INPUT RECORDS:

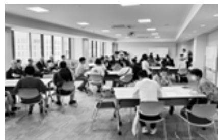
▲英語、イタリア語、タイ語、韓国語でおしゃべり交流「わいわいカフェ」
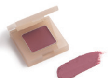
178 ダークレッド (旧色名：ナバ)
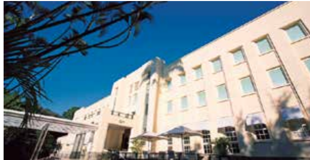
Prédio do Grande Hotel São Pedro apresenta imponente arquitetura Art Déco, rodeado por jardins e bosques

Palestras sobre política, economia, legislação no transporte e motivação serão promovidas no 13º Congresso Paulista do Transporte Rodoviário de Cargas que a FETCESP realizará nos dias 15, 16, 17 e 18 de maio, no Grande Hotel São Pedro, em Águas de São Pedro/SP. Todos os detalhes estão sendo criteriosamente analisados pela comissão organizadora deste Congresso que marcará as comemorações de 25 anos de atuação da FETCESP. A expectativa da comissão organizadora é repetir o sucesso das edições anteriores reunindo mais de 200 pessoas.
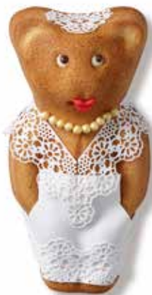
Braut MUTZ in Holzschachtel CHF 32.00 / Stk. mit Mutztaler CHF 29.00 / Stk.

ASSIGNED TASK: No pictures belong in the copy. Retype exactly, and only, the lines from the line containing "178 ダークレッド (旧色名：ナバ)" through the last line of the data, both included.

EXERCISE RESULT:
178 ダークレッド (旧色名：ナバ)
Prédio do Grande Hotel São Pedro apresenta imponente arquitetura Art Déco, rodeado por jardins e bosques

Palestras sobre política, economia, legislação no transporte e motivação serão promovidas no 13º Congresso Paulista do Transporte Rodoviário de Cargas que a FETCESP realizará nos dias 15, 16, 17 e 18 de maio, no Grande Hotel São Pedro, em Águas de São Pedro/SP. Todos os detalhes estão sendo criteriosamente analisados pela comissão organizadora deste Congresso que marcará as comemorações de 25 anos de atuação da FETCESP. A expectativa da comissão organizadora é repetir o sucesso das edições anteriores reunindo mais de 200 pessoas.
Braut MUTZ in Holzschachtel CHF 32.00 / Stk. mit Mutztaler CHF 29.00 / Stk.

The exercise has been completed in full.